- Conflict: who is who on the Syrian battle stage
- Stopper zone: a Turkish protectorate in northern Syria
On October 9, Turkey launched a military operation in northern Syria with the long-planned goal of weakening the Kurdish People's Defense Units (YPG). We analyze the strategic implications of this incursion.
What do you expect to get Ankara?
Turkey has been pressing for years to create a buffer zone in northeastern Syria. The objective is to achieve military control of an area about 480 kilometers long parallel to the border and about 30 kilometers deep within Syrian territory east of the Euphrates River. The control of this strip would result in the expulsion of the YPGs from that territory. In addition, Ankara intends to resettle in this area a large number of the more than 3.6 million Syrian refugees that Turkey hosts in its territory.
What motivates the operation against YPG?
Turkey presents the YPG as a threat to their security. It links this Kurdish militia with the Kurdistan Workers Party (PKK), the group that in the 80s raised arms against Ankara. The conflict has caused 40,000 deaths since then. Turkey qualifies the PKK as a terrorist group (as does the US and the EU). Already in January 2018, Turkey launched the 'Olive Branch' operation against the YPGs, which it calls the PKK franchise in Syria.
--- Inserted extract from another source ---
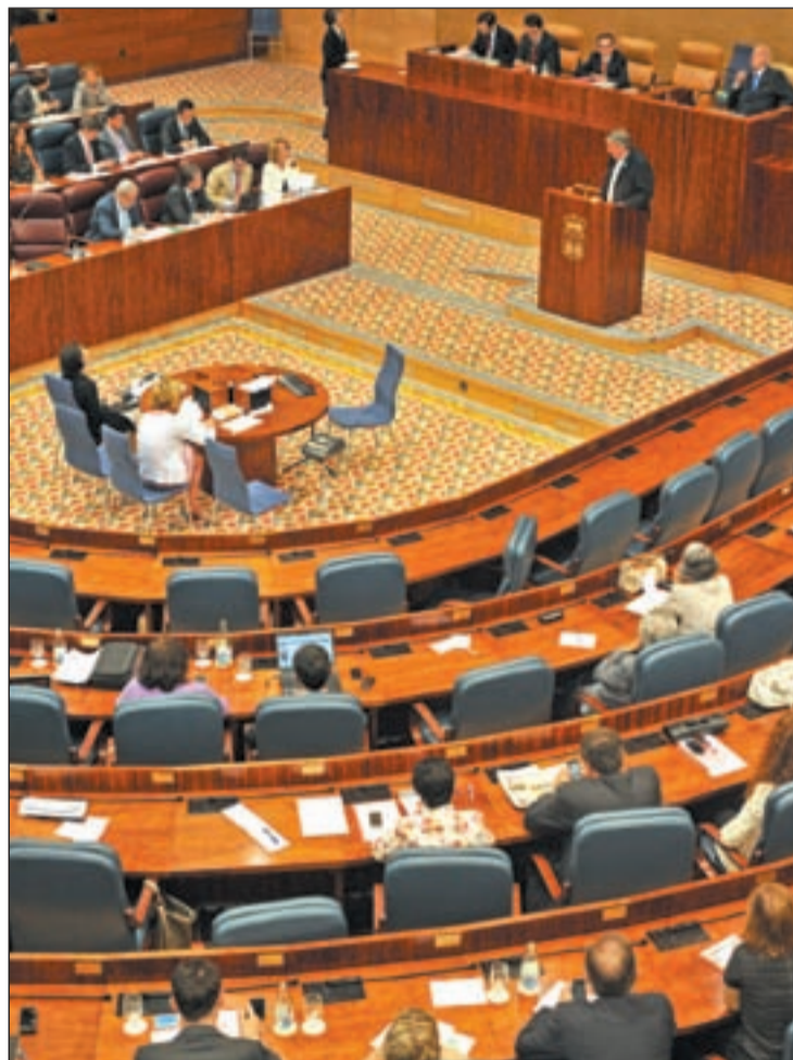
Pleno de la Asamblea en el debate de investidura

"Nos parece bien y nos parecerá mejor si además de duplicidades aborda la financiación de competencias impropias", recaló Gómez al tiempo que citó la carta que ha remitido a los gru-

With this new operation, he hopes to patrol the buffer zone and push Kurdish militiamen away from their border.
Can the Islamic State resurface?
That may be one of the consequences of the Turkish incursion, the withdrawal of US forces and the weakening of the YPG. It should not be forgotten that Kurdish troops constitute the bulk of the Syrian Democratic Forces (SDF), used by the US as a bridgehead to fight the IS. Washington proclaimed the defeat of the jihadist group, after last March the SDF captured the last bag of territory in the hands of the IS. But in August the Pentagon confirmed that it was aware of the existence of "cells" that were perpetrating "murders, suicide attacks, kidnappings and crop burning . "
What does Turkey intend to do with Syrian refugees?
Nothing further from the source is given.